What is the difference between an AI assistant and an AI agent in GitHub?

An AI assistant is reactive — it suggests code or answers, and the user manually applies changes. An AI agent is goal-driven — it interprets a high-level goal, plans steps, and produces durable artifacts (branches, commits, pull requests) through a Plan → Act → Evaluate loop. In GitHub, agents are treated as standard contributors and gated by the same CODEOWNERS, required checks, and branch protections as humans.

How long is Copilot Memory retained?

Repository-level facts and user-level preferences in Copilot Memory are automatically deleted after 28 days of non-use to prevent context drift. Before applying a stored memory, Copilot re-validates the citation against the current branch so agents don't act on stale code references.


How I'd study if I had only 12 days

For anyone trying to grab a beta seat before the May 31 cutoff, here's the compressed schedule I'd run.

Days 1–2 — Vocabulary and framing. Read the official GH-600 study guide end to end. Re-read the audience profile until phrases like "system of record and control plane" and "agents propose; humans and policy accept" are reflexive. The exam is written in this dialect; you cannot reason your way around fuzzy vocabulary under time pressure.

Days 3–5 — Domain 2 (tool use & MCP). This is 20–25% of the exam — the highest-weighted domain — and has the most material. Work through the Tooling, MCP, and Agent Execution Environments module. Lab time matters here: spin up a real MCP server in a sandbox repo, configure an MCP allow list, and test the agent firewall by trying to hit a blocked domain from the Bash tool. Memorize the firewall's specific scope — Bash tool only, not MCP servers, not copilot-setup-steps.
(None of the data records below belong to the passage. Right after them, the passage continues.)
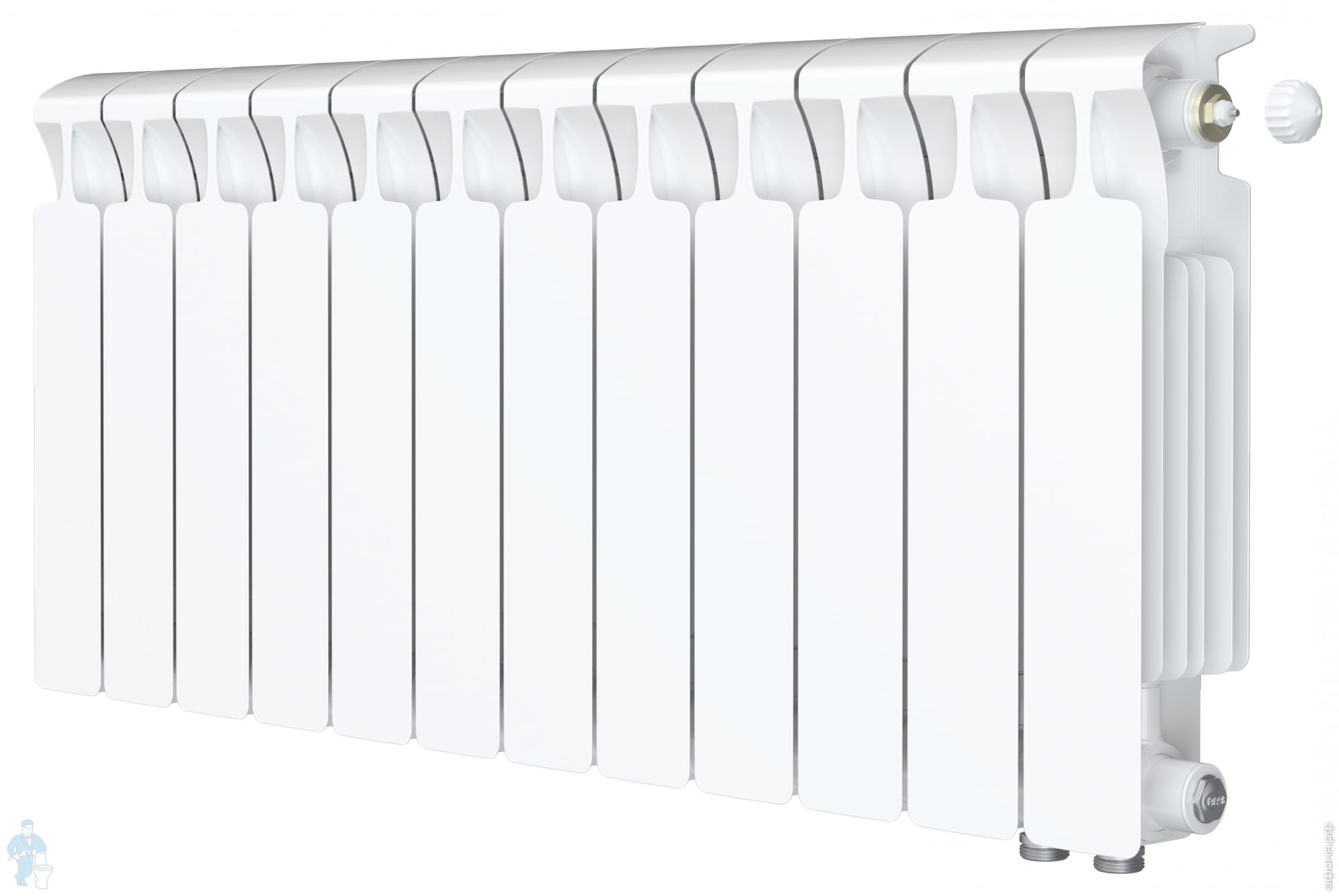 Уценка! Радиатор биметаллический Rifar Monolit Ventil MVR 350 нижнее правое подкл, 12 секц., 1656 Вт
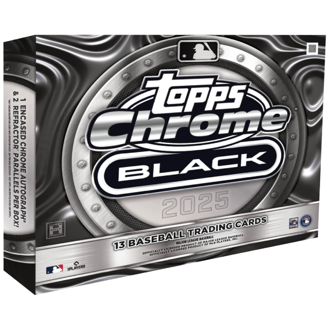 2025 Topps Chrome Black Baseball returns with a premium Chrome Black finish and a loaded autograph lineup. Each box contains 1 Encased Autograph Card, highlighting the game’s brightest stars and rookies. New inserts like Hit the Lights and Nocturnal make their debut alongside layered Depth of Darkness cards.
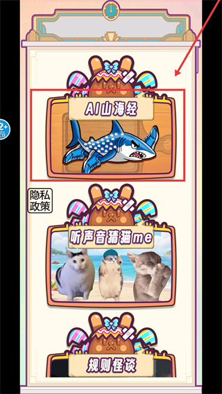 1、选择【AI山海经】模块进入核心玩法,这里可体验钓鱼刮鳞等操作,是处理怪异鱼类的主要入口。
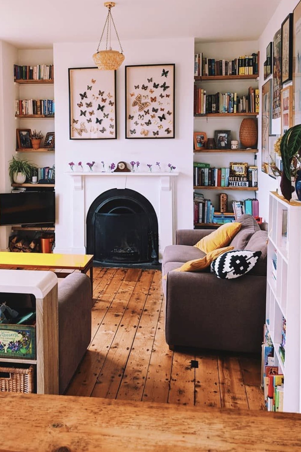 déco mur salon cadres dessus cheminée et étagère renfoncement
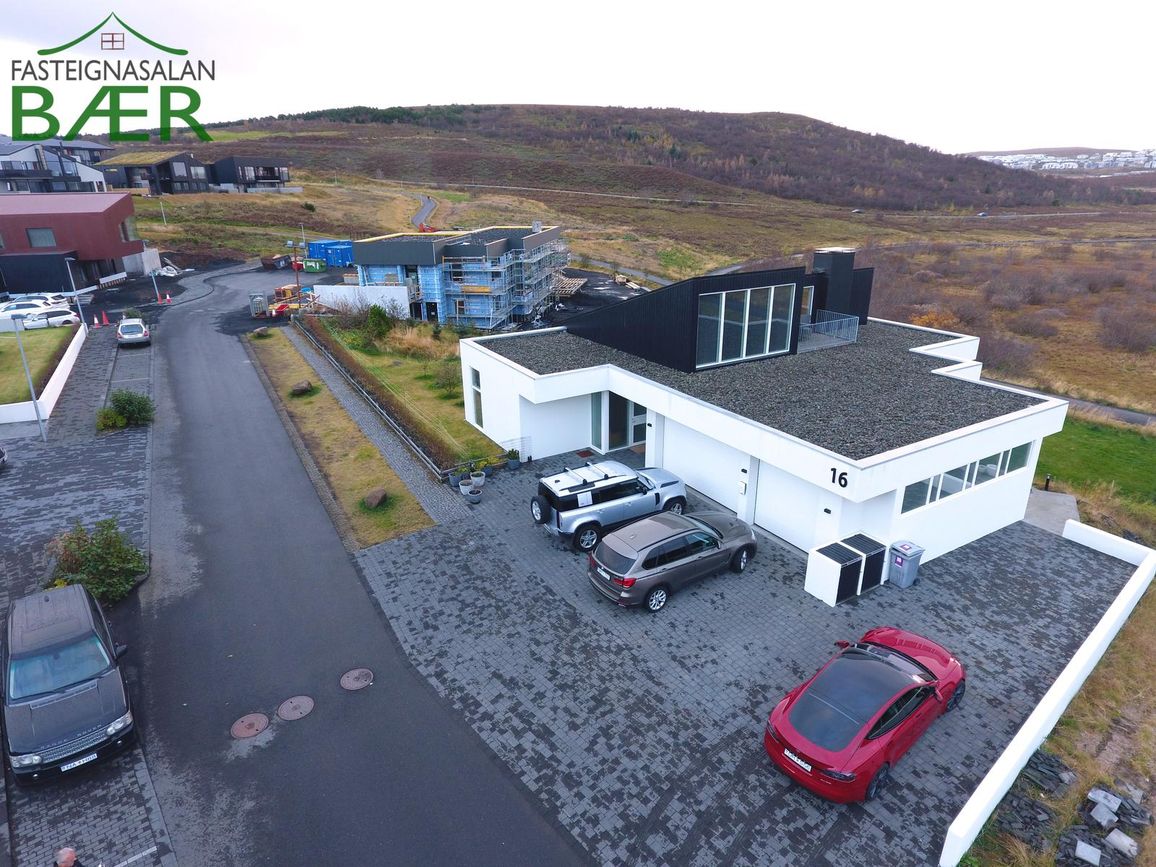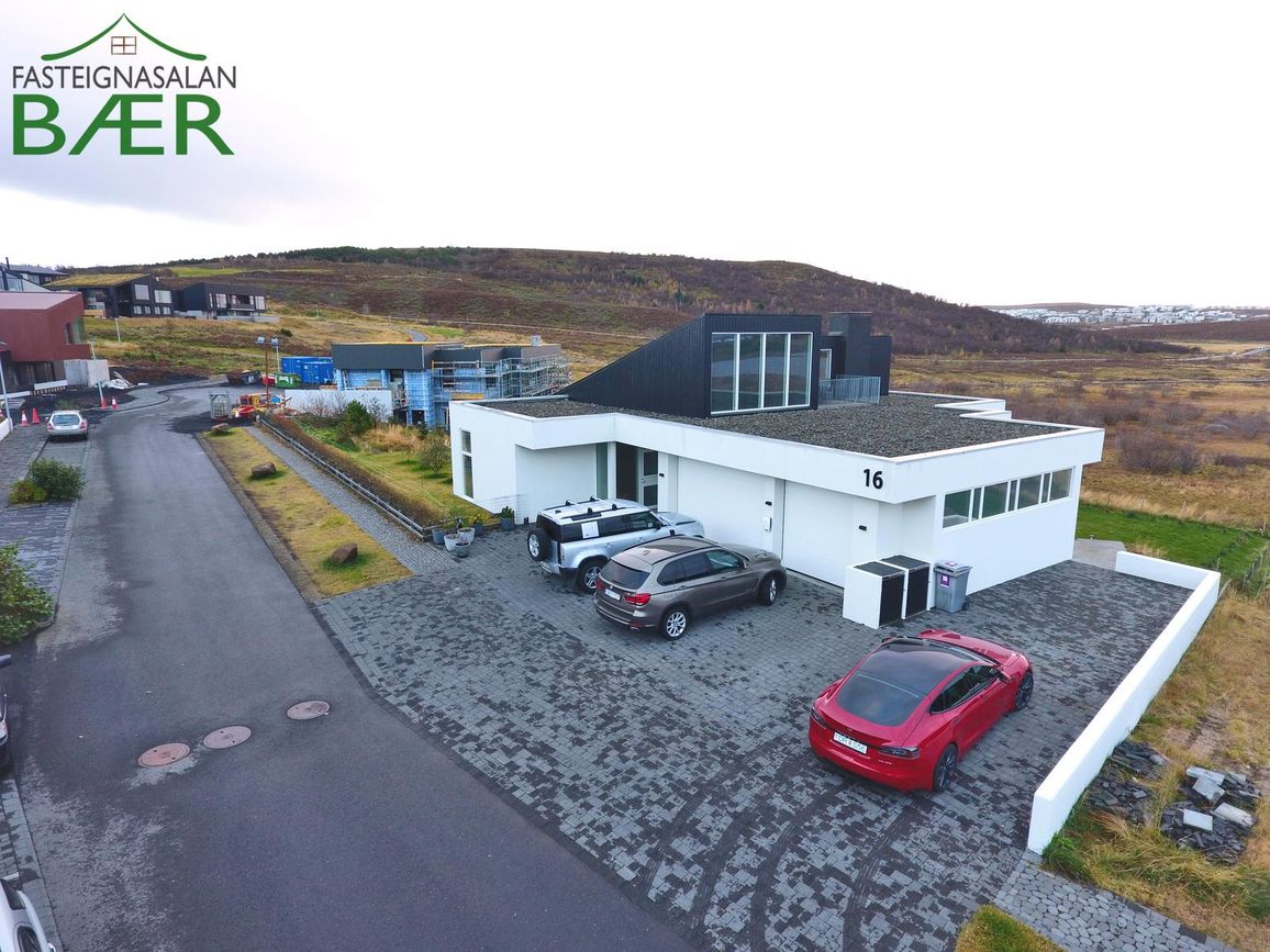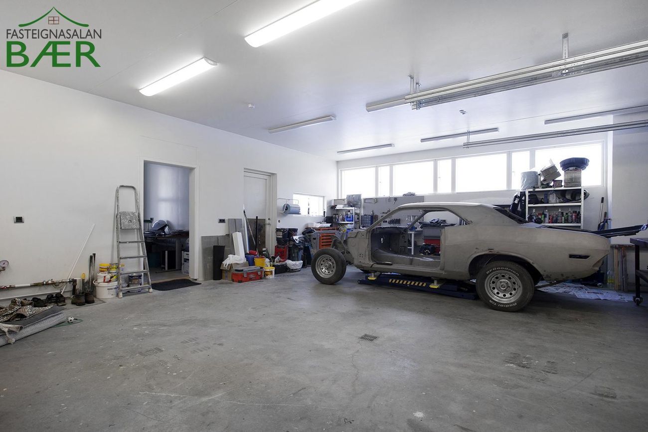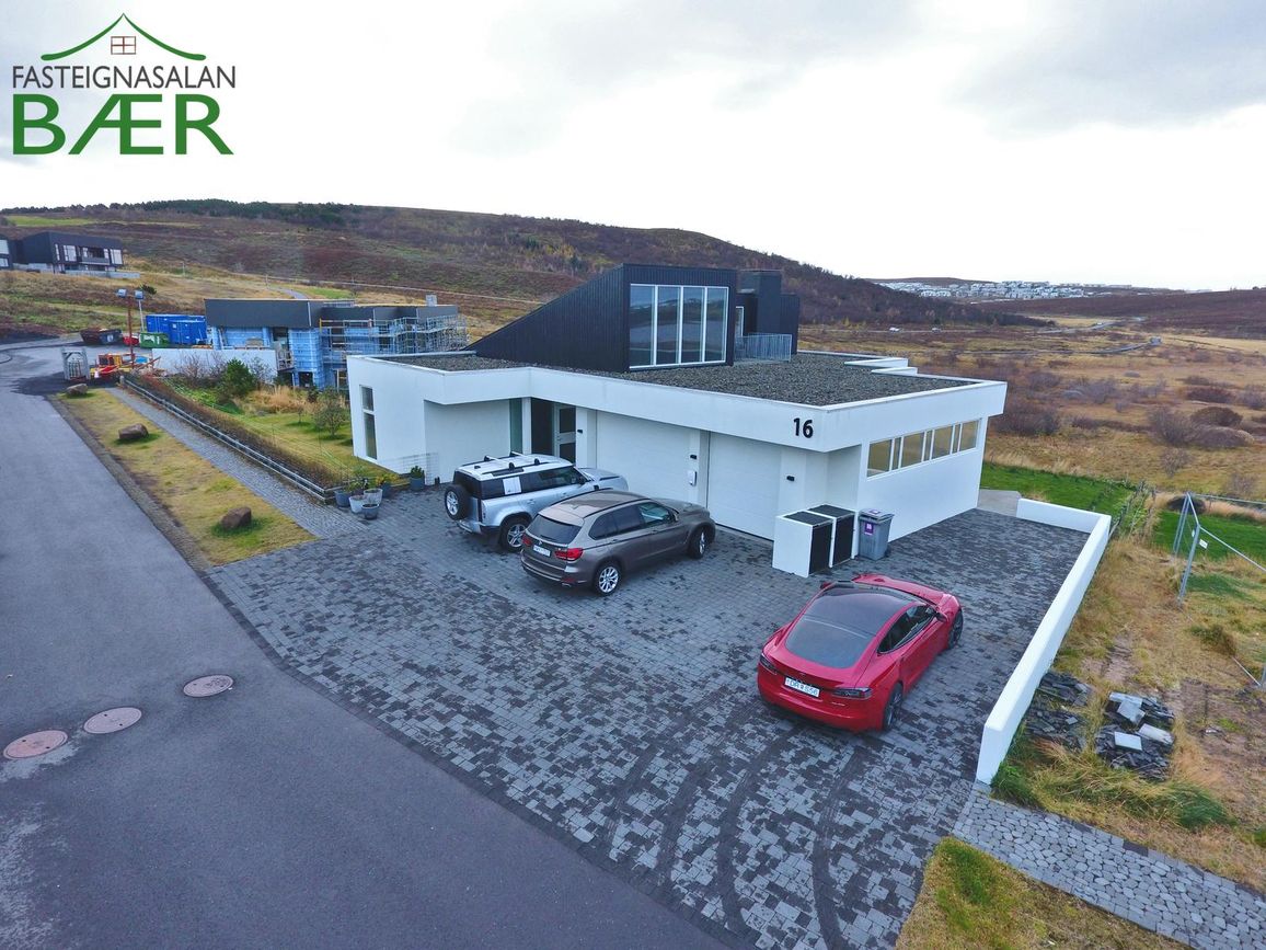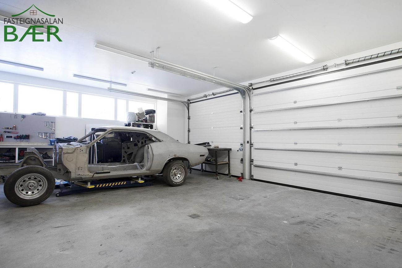 Þrefaldur bílskúr með gólfhita, þriggja fasa rafmagni, ryksugukerfi og tengingu við hleðslustöð fyrir rafbíl. Hellulagt bílastæði með snjóbæðslu.

Days 6–8 — Domain 1 + Domain 6 (architecture + guardrails). These domains overlap heavily. Work through Designing Agent Architecture and SDLC Integration plus build-guardrails and risks-and-mitigations. Lab: configure CODEOWNERS plus required status checks on a repo, simulate an agent-authored PR, and walk through the "Approve and run workflows" gate yourself.
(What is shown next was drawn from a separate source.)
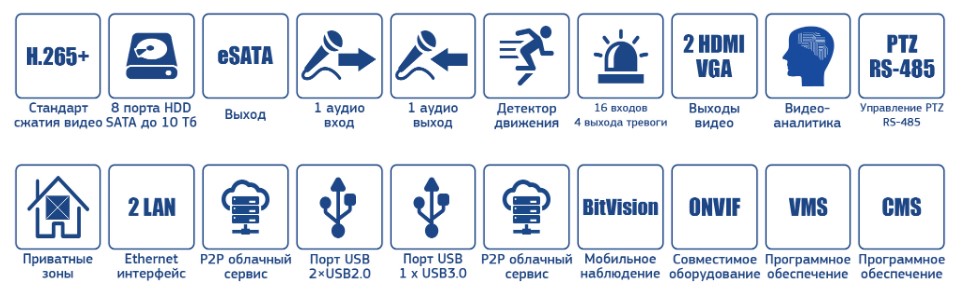 Запись 1Мп (1280х720) до 64 IP камер, отображение 64, воспроизведение 16
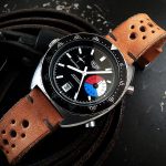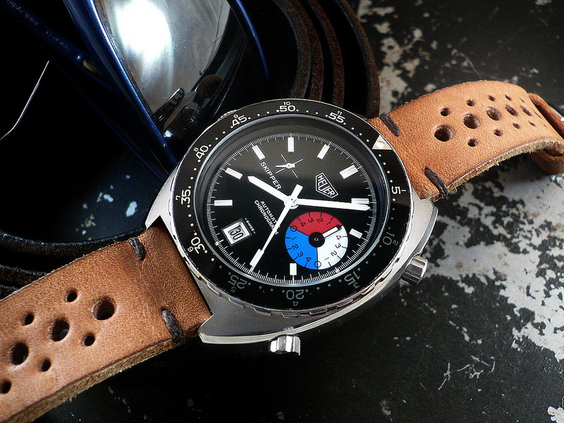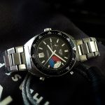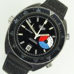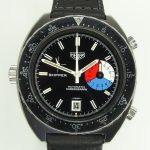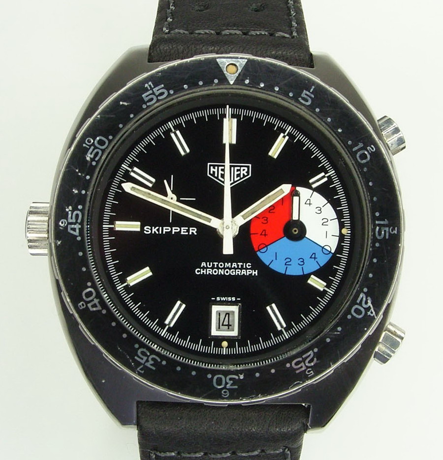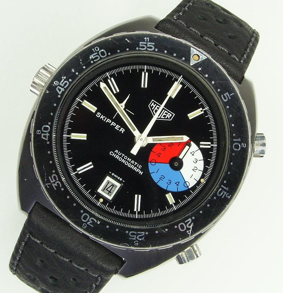 The Skipper Reference 15640 (First Execution) has a black dial; white, blue and red on minute recorder; white hands; black rotating MH bezel; automatic winding

Days 9–10 — Domains 3, 4, 5 (memory, eval, multi-agent). These are the under-served domains — no dedicated Microsoft Learn module. Read Copilot memory docs (D3), walk the implementation-planner tutorial (D4), then read the custom-agents SDK end to end (D5). Memorize the five sub-agent lifecycle events (selected, started, completed, failed, deselected) and the fact that infer is retired in favor of disable-model-invocation.

Days 11–12 — Mock exam, gap closure, exam day. Sit a timed mock under exam conditions. Log every wrong answer in a "knowledge gaps" file and re-read the source doc for each miss. Watch the Reactor livestream on May 28 for last-minute clarifications and to grab the second discount code if you haven't already registered. Sit the beta exam before May 31.
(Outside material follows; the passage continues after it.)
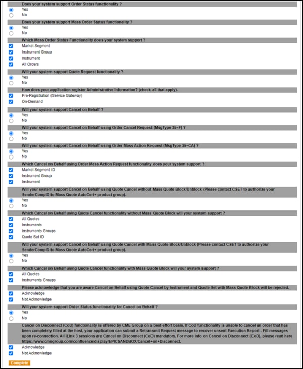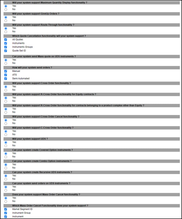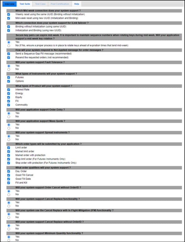 The interview consists of a series of questions about your trading application and products. You must complete the pre-certification interview before running the test cases.

The single biggest mistake I see people make: spending equal time on every domain. Domain 2 (tool use) is 20–25% of the exam and Domain 6 (guardrails) is 10–15% — give them proportional time, not equal time.


Links


If you're prepping for GH-600, I'd love to hear which domain is giving you trouble — drop a comment on any video. Domain 2 (tool use + MCP) is the largest slice of the exam, but in practice most people I've talked to find Domain 5 (multi-agent coordination) the most conceptually slippery.

Good luck on the beta. See you on the other side of the 8–12 week scoring window.